Apriori supported judgments can be further supported empirically,
by the science. But insofar as they are apriori warranted, they have
sufficient warrant to support belief; and the warrant derives from
reasoning or understanding, independently of support from
perception, perceptual experience, or sensory registration. An
example of an apriori warranted judgment, I think, is that perceptual
states can be accurate or inaccurate. Another example is that
perceptual states have a representational function—to accurately
pick out and characterize particulars via causal relations to them:
perceptual states fail in some way (representationally) if they are not
accurate. I doubt that one can know apriori that any individual has
perceptual capacities. Our empirical knowledge that we do have
such capacities is, however, firm. It is more certain than some things
that we know apriori about perception. As noted, being apriori does
not imply some super-strong type of support. Apriori warrant for
belief in simple arithmetical truths is super-strong. But much apriori
support is not stronger, often less strong, than strong empirical
support.
Our firm empirical knowledge that individuals have perceptual
states does not require a detailed, reflective, philosophical
understanding of what perception is. Knowing that individuals have
perceptual states requires only a minimal understanding. One must
be able to distinguish perception, at least by some cases, from just
any sensing. And one must be able to recognize various examples of
perception. Detailed philosophical understanding requires reflection,
articulation, and elaboration of a minimal understanding of the
concept perception and of relations between perception and other
matters—semantical, functional, biological, causal, and so on.
Elaboration is mainly empirical, but partly apriori. Given an
elaborated understanding of what perception is, it is possible to
draw, apriori, some further conclusions about the form, semantics,
and functions of perceptual states. Such conclusions are abstract
and limited. They are important in being basic to understanding.
Again, most of the book’s claims are empirical. For example, the
accounts of how perceptual and perceptual-motor systems work in
Parts III and IV, and the accounts of what these systems are in Part
IV, are warranted partly by appeal to explanations in the science.
Those accounts and those explanations are certainly empirically, not
apriori, warranted.
I became interested in perception partly because it promises
insight into basic types of representation of the world, and partly
because it is a key factor that must be understood if one is to
understand empirical knowledge. This book shows some fruits of the
first motivation. In investigating the structure and semantics of
perceptual representation, one investigates primitive and basic types
of reference and attribution. My interest in the role of perception in
empirical knowledge remains. But I take understanding perception to
owe almost nothing to epistemology, whereas understanding
epistemology absolutely requires understanding perception.
Epistemology investigates epistemic norms for capacities that can
contribute to obtaining knowledge. One cannot understand the
norms without understanding the capacities.
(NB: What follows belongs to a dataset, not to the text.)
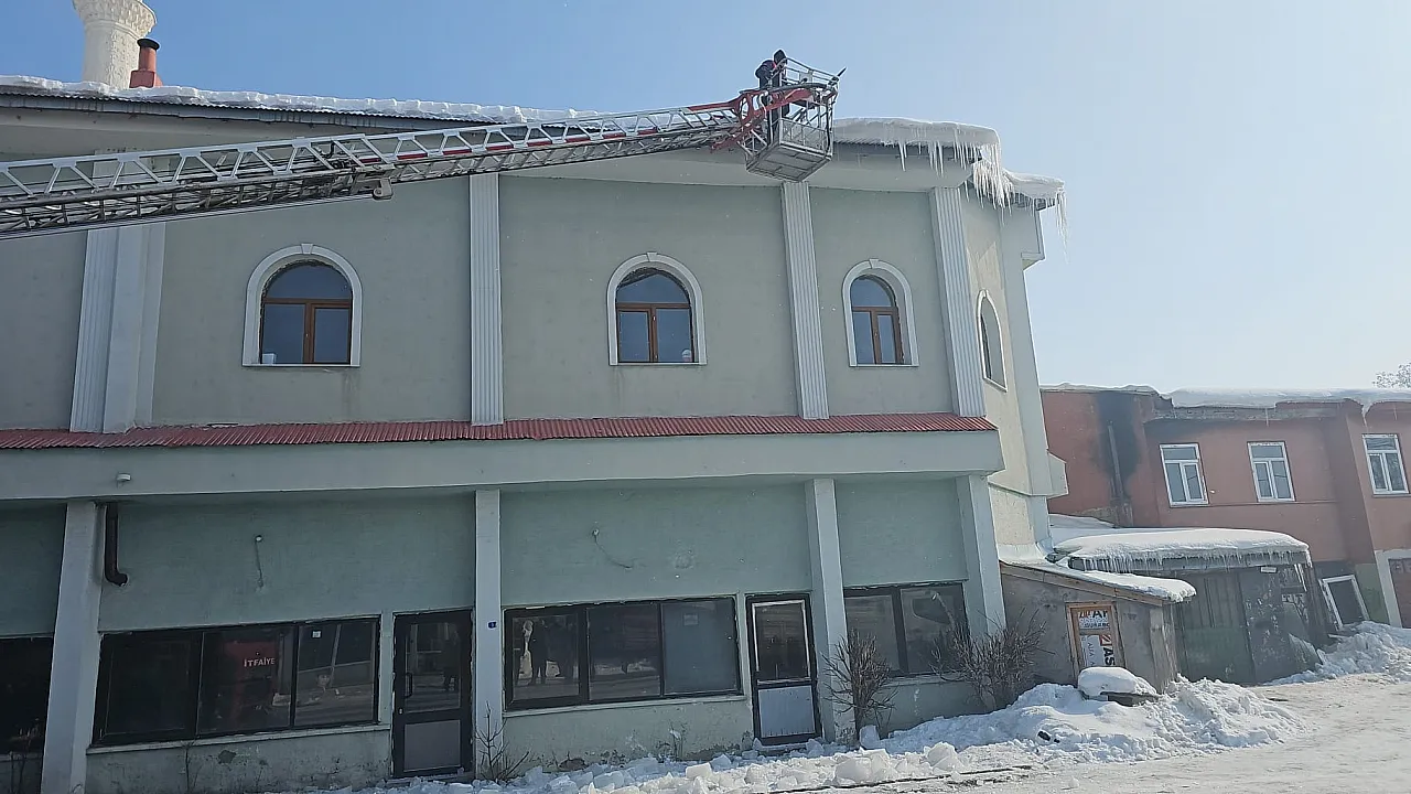 Ağrı'da etkili olan dondurucu soğukların ardından okul ve cami binalarında oluşan buz sarkıtları, itfaiye ekiplerinin müdahalesiyle temizlendi.

One understands
perceptual capacities by reflecting on empirical science and its basic
commitments, not by reflecting on epistemology. Understanding
perception is the task of this book. Epistemic use of an
understanding of perception is posterior. For epistemic work in this
direction, see my ‘Perceptual Entitlement’, Philosophy and
Phenomenological Research 67 (2003), 503–548; and ‘Entitlement:
The Basis for Empirical Warrant’, in P. Graham and N. Pedersen eds.,
Epistemic Entitlement (Oxford: Oxford University Press, 2020).
I have some slight hope, even in this specialized world, that this
book will interest not only philosophers, but at least some scientists
in perceptual psychology and other areas of psychology. The best
science is informed by a breadth and depth of perspective that is
philosophical. This point is particularly relevant to perceptual
psychology. A central, often stated, aim of the science is to
understand conditions in which accurate perception occurs, and
conditions under which illusions occur. (See Chapter 1, note 25.)
Accuracy is a semantical concept.
So the science is committed at its very core to there being a
semantics for perception—a systematic account of relations between
perceptual representation and its subject matters. The account must
explain what it is for perception to be accurate or inaccurate. Of
course, the science is mainly concerned with causal patterns and
mechanisms. Much of it, indeed probably most of it to date, focuses
on pre-representational, pre-perceptual states that register the
proximal stimulus. But the point of this scientific work is partly to
build toward understanding perception of the physical environment.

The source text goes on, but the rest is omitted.